### TASK OBJECTIVE
The lines below, from the one holding "Khép lại bộ" through the final line, are to be copied exactly, with no other lines and no pictures.

### PROVIDED MATERIAL

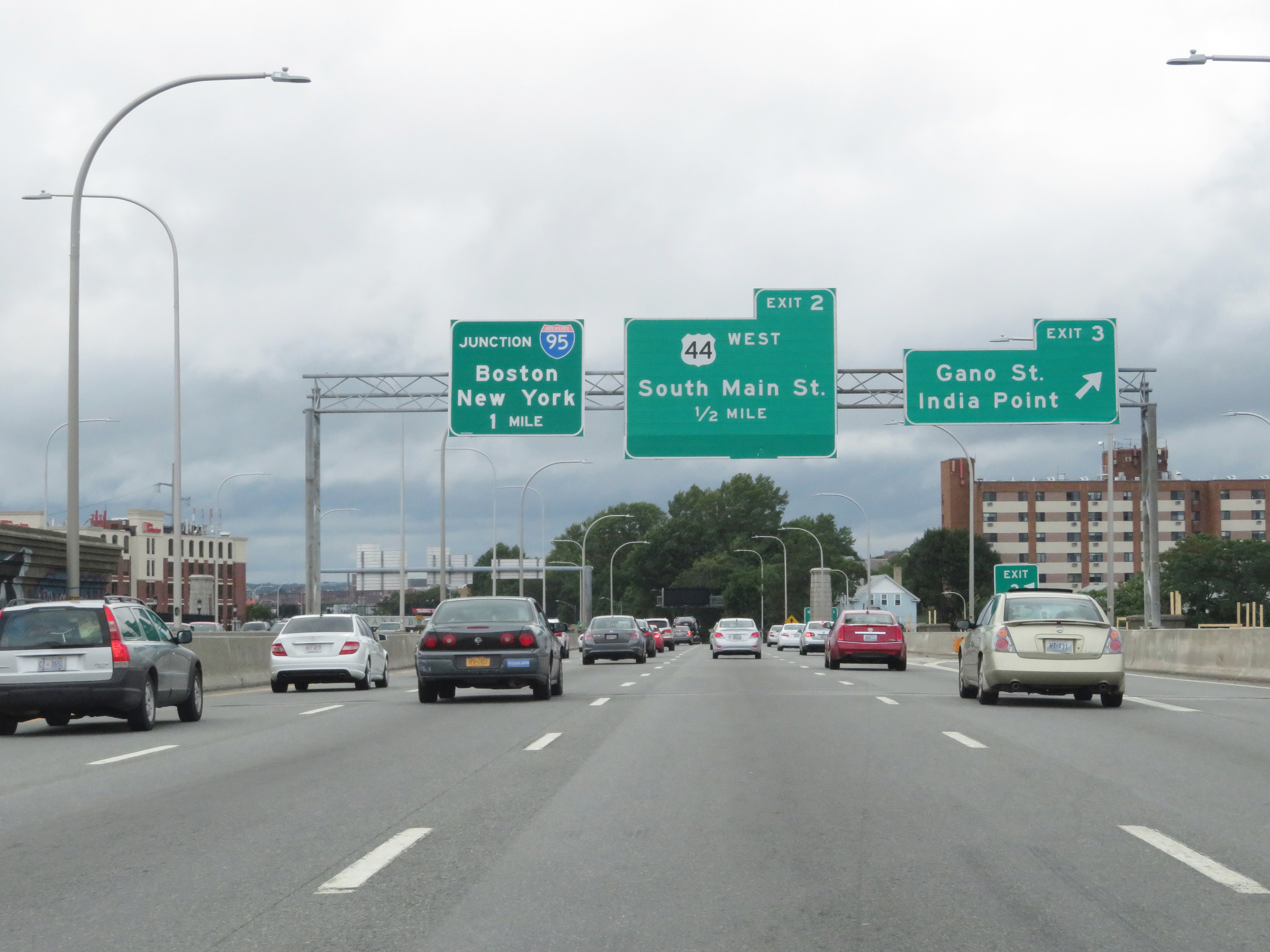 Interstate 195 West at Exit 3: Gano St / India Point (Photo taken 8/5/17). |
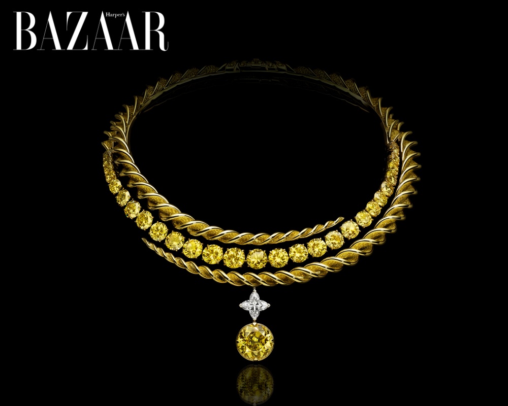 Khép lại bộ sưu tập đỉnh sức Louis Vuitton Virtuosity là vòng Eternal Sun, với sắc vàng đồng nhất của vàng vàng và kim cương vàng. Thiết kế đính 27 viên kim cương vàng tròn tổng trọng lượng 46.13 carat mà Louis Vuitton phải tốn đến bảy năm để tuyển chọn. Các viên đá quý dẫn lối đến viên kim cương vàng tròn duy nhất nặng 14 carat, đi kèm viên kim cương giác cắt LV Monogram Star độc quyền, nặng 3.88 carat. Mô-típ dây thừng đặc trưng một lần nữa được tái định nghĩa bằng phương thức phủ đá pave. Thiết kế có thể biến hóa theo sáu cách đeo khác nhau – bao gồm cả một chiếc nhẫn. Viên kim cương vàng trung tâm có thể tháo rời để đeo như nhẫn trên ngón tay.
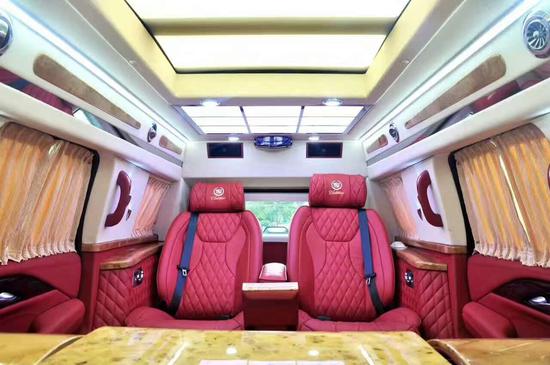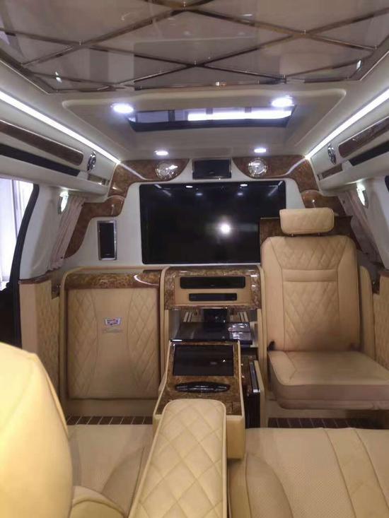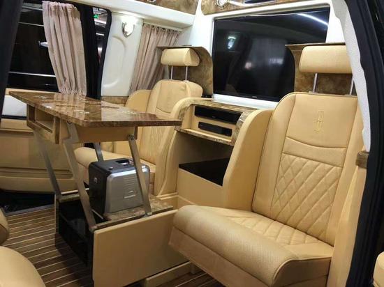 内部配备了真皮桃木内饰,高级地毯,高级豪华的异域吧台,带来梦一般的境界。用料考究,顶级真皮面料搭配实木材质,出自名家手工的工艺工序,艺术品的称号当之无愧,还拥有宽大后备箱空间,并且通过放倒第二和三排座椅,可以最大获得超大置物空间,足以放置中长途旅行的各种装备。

### REPLY TO THE EXERCISE
 Khép lại bộ sưu tập đỉnh sức Louis Vuitton Virtuosity là vòng Eternal Sun, với sắc vàng đồng nhất của vàng vàng và kim cương vàng. Thiết kế đính 27 viên kim cương vàng tròn tổng trọng lượng 46.13 carat mà Louis Vuitton phải tốn đến bảy năm để tuyển chọn. Các viên đá quý dẫn lối đến viên kim cương vàng tròn duy nhất nặng 14 carat, đi kèm viên kim cương giác cắt LV Monogram Star độc quyền, nặng 3.88 carat. Mô-típ dây thừng đặc trưng một lần nữa được tái định nghĩa bằng phương thức phủ đá pave. Thiết kế có thể biến hóa theo sáu cách đeo khác nhau – bao gồm cả một chiếc nhẫn. Viên kim cương vàng trung tâm có thể tháo rời để đeo như nhẫn trên ngón tay.
 内部配备了真皮桃木内饰,高级地毯,高级豪华的异域吧台,带来梦一般的境界。用料考究,顶级真皮面料搭配实木材质,出自名家手工的工艺工序,艺术品的称号当之无愧,还拥有宽大后备箱空间,并且通过放倒第二和三排座椅,可以最大获得超大置物空间,足以放置中长途旅行的各种装备。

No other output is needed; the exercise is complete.